While Trump wasn't quite as incoherent as he has been in some of his recent public monologues, he did say some very odd things, like when he declared of Biden, “We have a president who doesn't know he's alive.” His most interesting slip-up came when the moderators asked him if he regretted anything about the Jan. 6, 2021, attack on Congress that he incited. He ranted and raved, denying responsibility, trying to steer the conversation toward the Black Lives Matter protests, then later blaming Nancy Pelosi for what happened. But in one telling moment, he said “we” of the insurrectionists, then switched to “that group of people who were treated so poorly.”

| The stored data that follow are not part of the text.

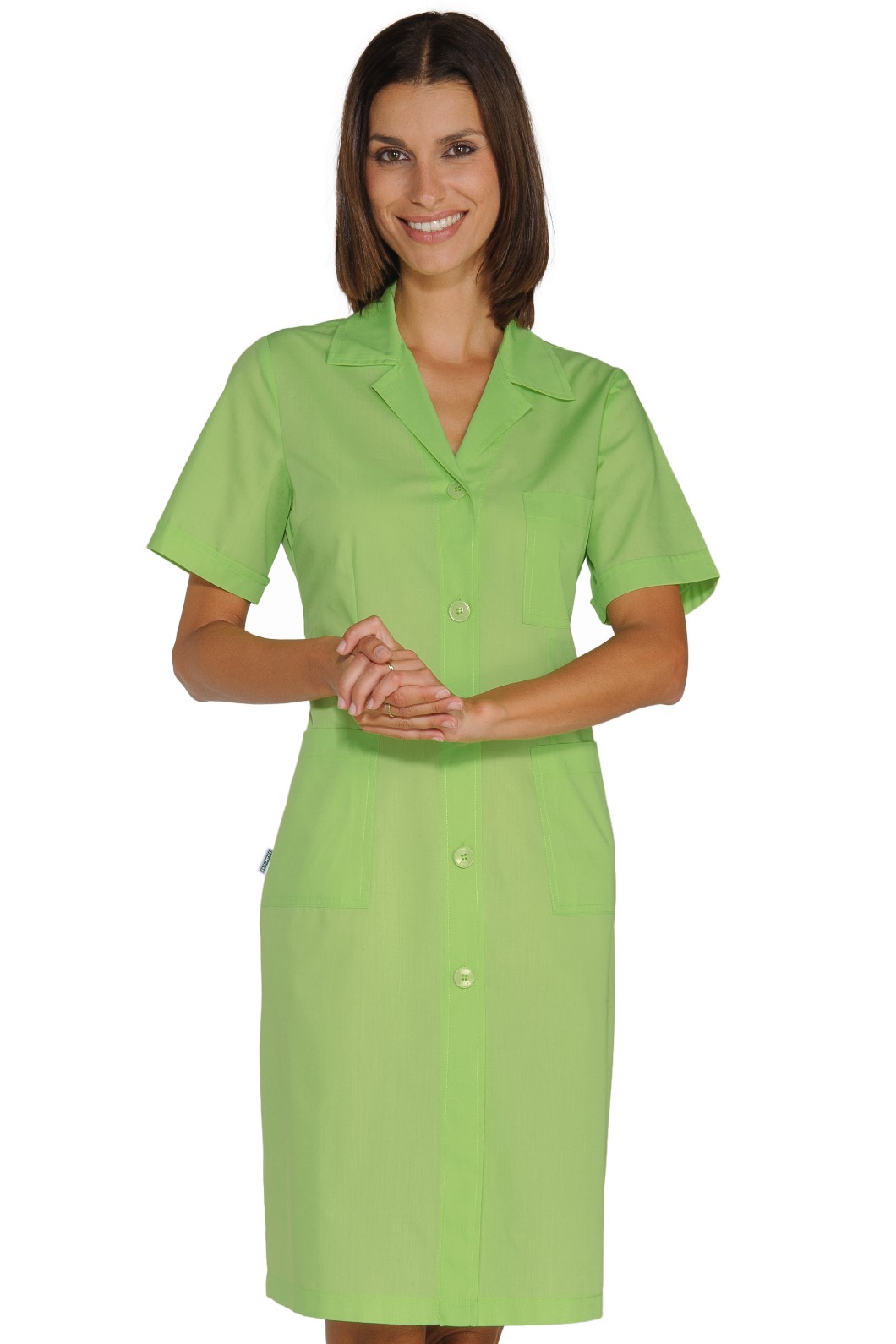 – l’allacciatura è centrale con bottoni classici in tinta con il colore del camice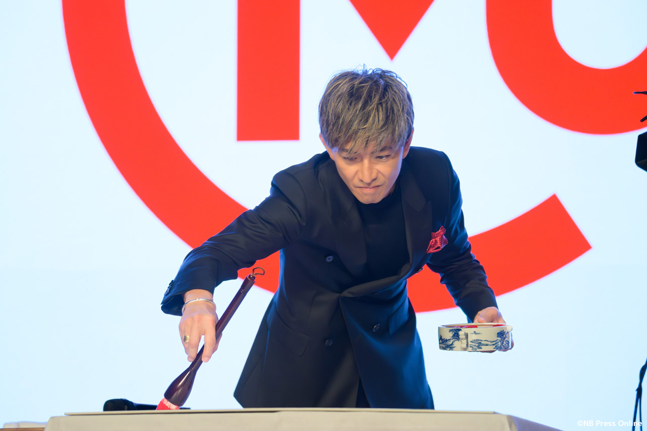 ステージに書道セットが登場し、「自信のほどはいかがですか?」と問われた木村は、「いや、こんな無茶ぶりないですよね」と苦笑。観客が見守る中、用意された用紙に向かい、「エムット」のロゴマークを一気に書き上げた。書き上げた作品が垂直に掲げられると、会場からは大きな拍手が起こった。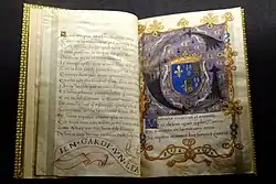 This work, produced probably before 1525, is the major reason for Anne de Graville's inclusion in the history of French literature.[9] The collection of seventy-one rondeaux was revised from the poem originally written one hundred years earlier by Alain Chartier (in 1424), updating the narrative and neutral octosyllabic form of Alain’s poem to a lyrical and courtly form of rondeaux.[10] The text of the poems are preserved in a single manuscript housed at the French National Library (Bibliothèque nationale de France) in Paris with the shelf mark of français 2253. The dialogue between Lover and Lady reflects a softening of the attitude of the Lady toward her pleading courtier, rendering it more acceptable to a Renaissance audience.[10] A modern edition was published by Carl Wahlund in 1897.[11]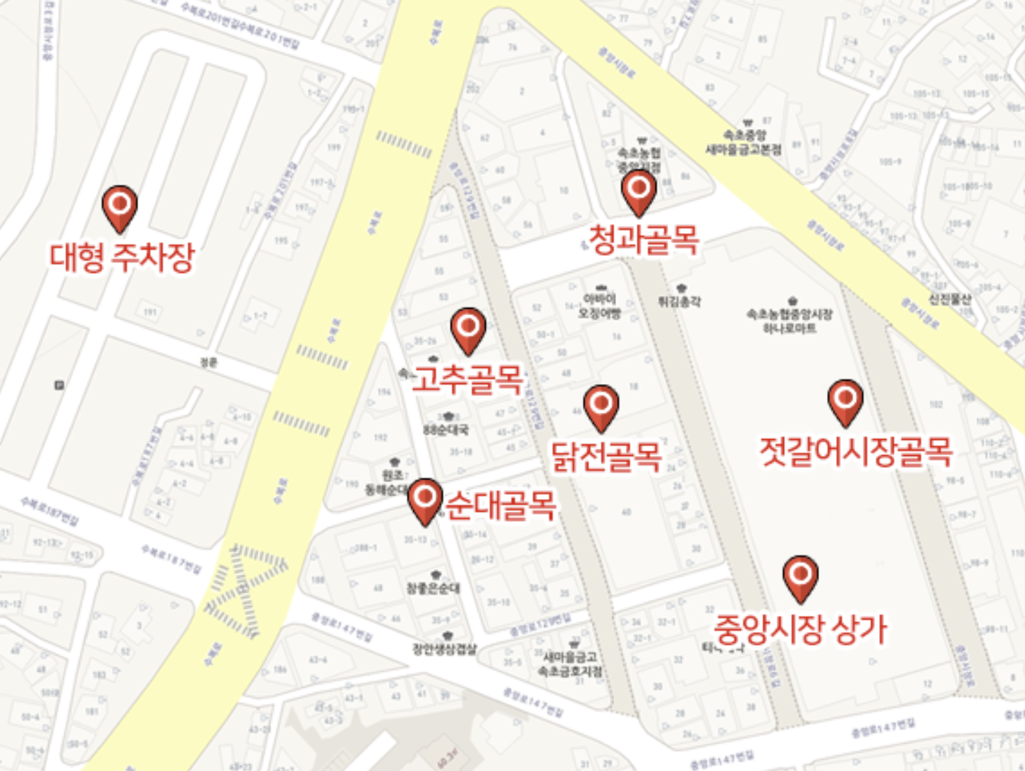 속초 중앙시장 안내도
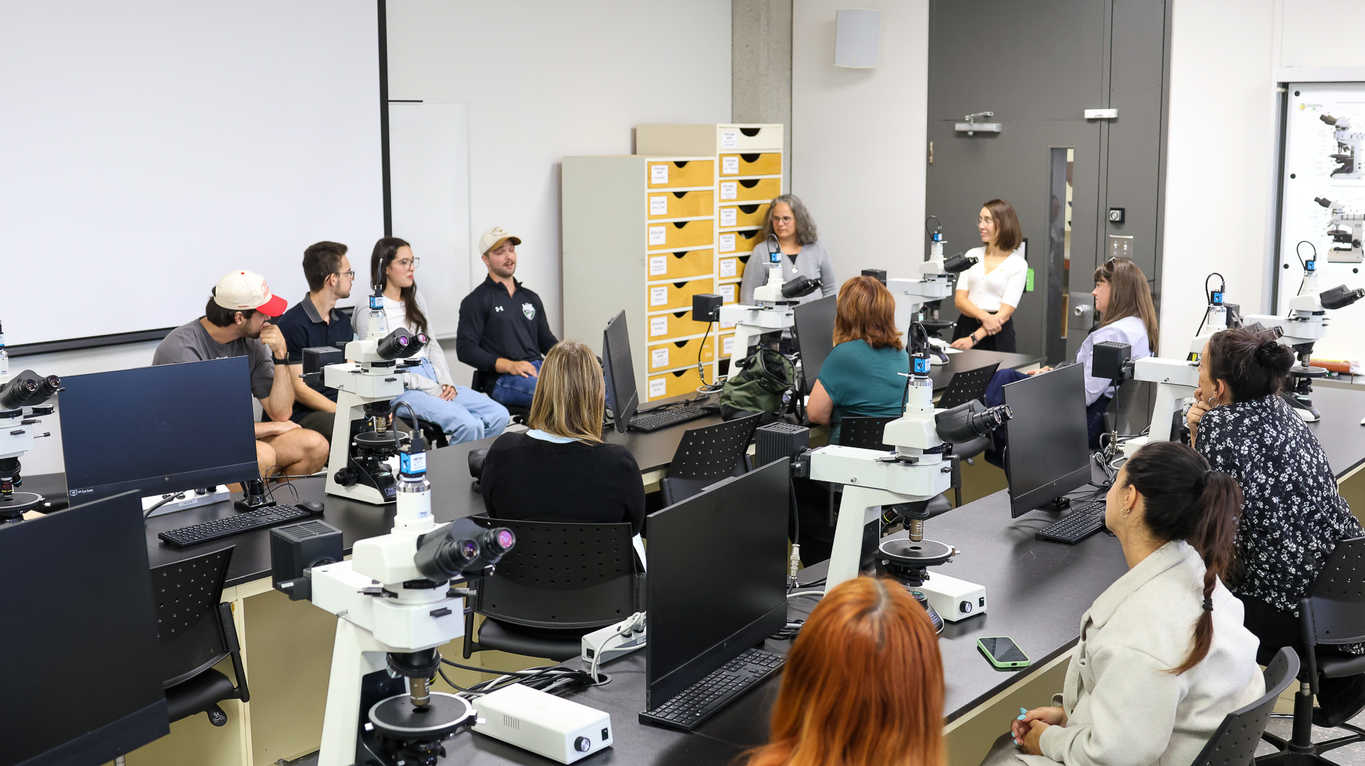 De même, un autre domaine qui a été mis en lumière est celui des sciences de la Terre. Campée dans le laboratoire de microscopie, la présentation des baccalauréats en géologie et génie géologique a été remarquée. Renée-Luce Simard, directrice de l’unité d’enseignement, accompagnée de quatre personnes étudiantes, ont saisi l’opportunité pour illustrer l’évolution de la profession au fil des années. Questionnés sur leurs stages et ce qui a le plus suscité leur intérêt durant leur cheminement, chacun des étudiantes et étudiants présents ont partagé des réponses différentes les unes des autres, permettant de mieux comprendre les voies de sortie à l’issue du programme.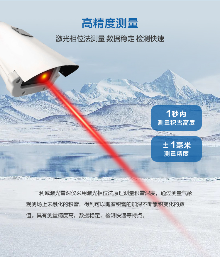 激光雪深儀采用激光相位法原理測量積雪深度,通過測量氣象觀測場上未融化的積雪,得到可以隨著積雪的加深不斷累積變化的數(shù)值。具有測量精度高,數(shù)據(jù)穩(wěn)定,檢測快速等特點(diǎn)。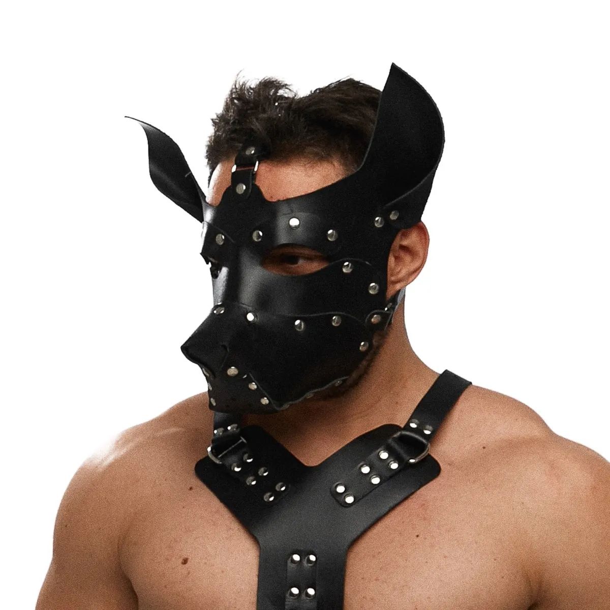 Купить Черная кожаная маска «Собака» Crazy Handmade по лучшей цене с доставкой - секс-шоп Ynunu.ru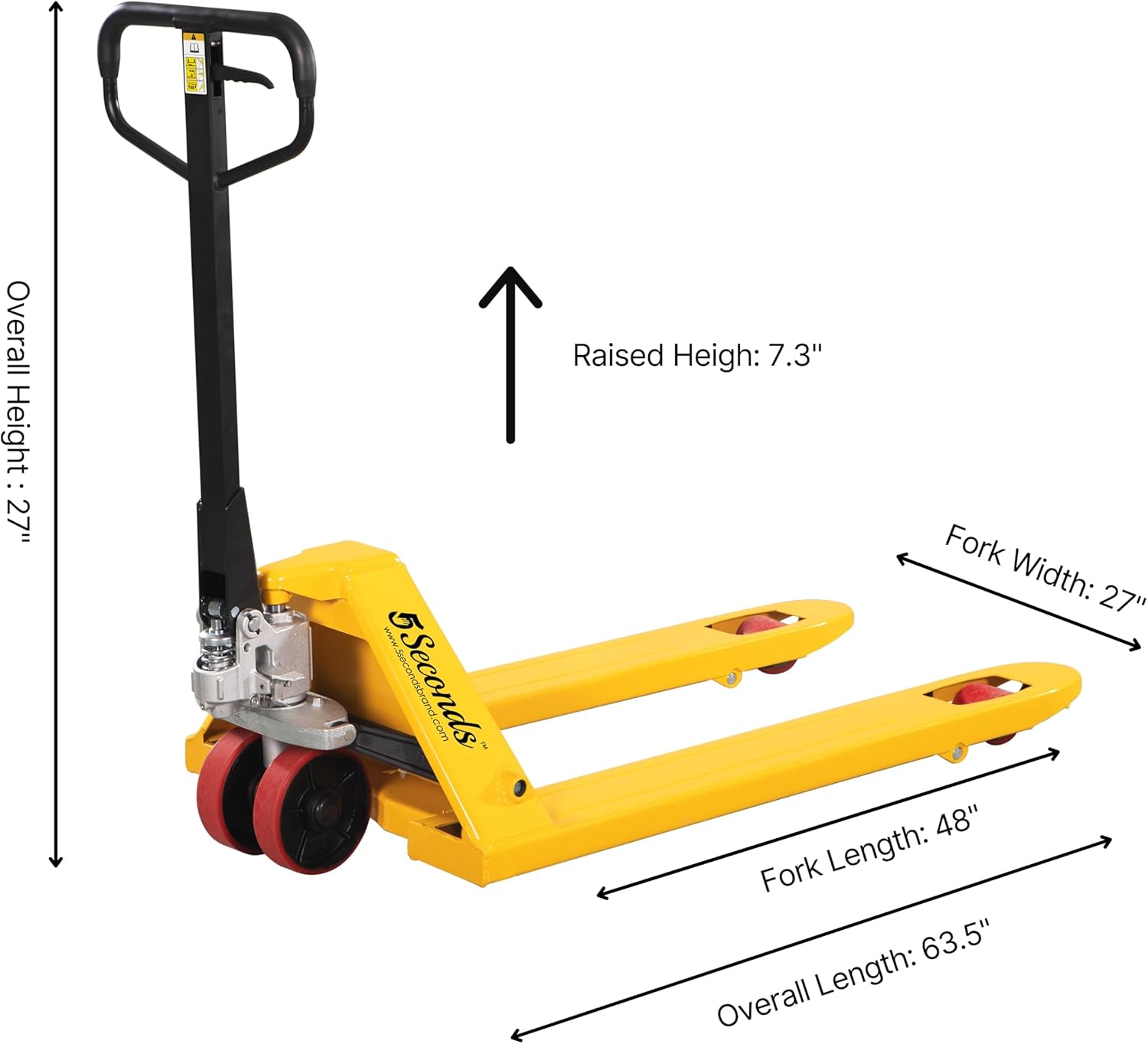 - 27" x 48" Forks for Standard Pallets: Designed for compatibility with standard pallets, this manual pallet truck offers a 3" lowered and 7.6" raised height, 6.3" fork width, and 2.9" fork thickness for smooth entry, stability, and efficient material handling.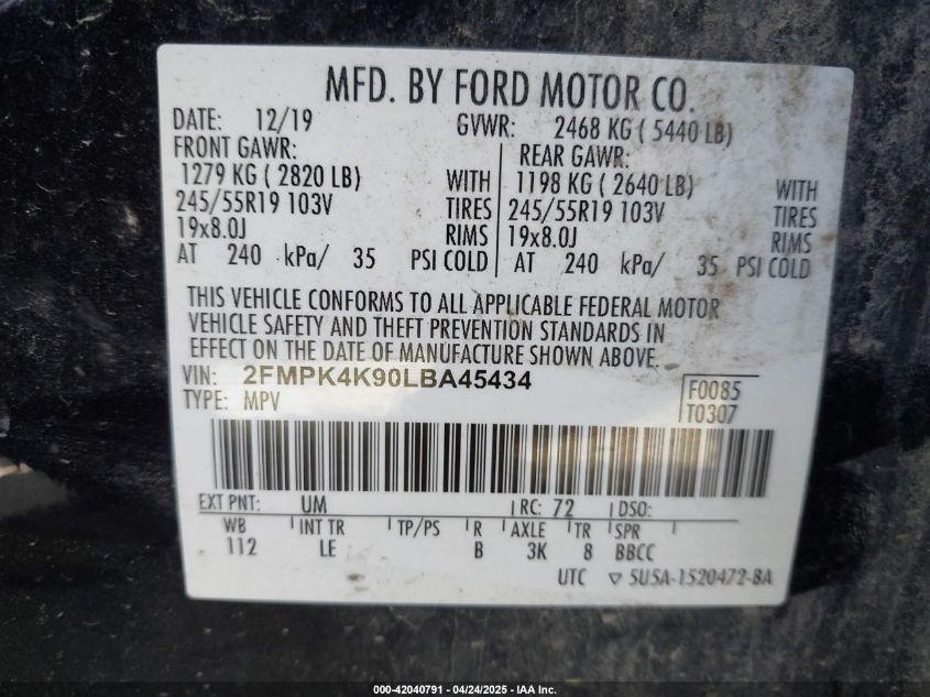 FORD EDGE 2.0 2020 р.в., Повний привід (2FMPK4K90LBA45434) з США

In other words, Trump was Trump and Harris was Harris, but the debate moderators were much, much better than CNN's Dana Bash and Jake Tapper during the disastrous June 27 debate. They and Harris attacked Trump when he said, as he has been saying in defense of anti-abortionists since at least 2019, that mothers and doctors kill babies at or after birth — in other words, that abortion rights are the same as infanticide (which, yes, is extremely illegal). “They abort in the ninth month,” he claimed. “The baby will be born and we will decide what to do with it, in other words, they will execute the baby.” To my knowledge, this is the first time he has been told to his face that this is absolutely untrue.

The second US presidential debate 2024 for Trump, the first for Harris – and fact checks – Video

But the questions still came from the bubble of assumptions and priorities that currently dominate mainstream American media and drive media critics mad. A question about Harris's stance on fracking, for example, was an attempt to provoke a deception and paint her as fickle. It came long before the final question, which was an afterthought to a casual question about climate.

Harris' response was disappointingly mixed: “I'm proud that as Vice President, we invested a trillion dollars in the last four years in a clean energy economy while increasing domestic gas production to historic levels.” Trump didn't answer the climate question at all, and that was that. The fate of the Earth for the next 10,000 years or so was brushed aside, but then again, the biggest pop star in the world chose to endorse Harris that night, signing off as “Taylor Swift, childless cat lady.”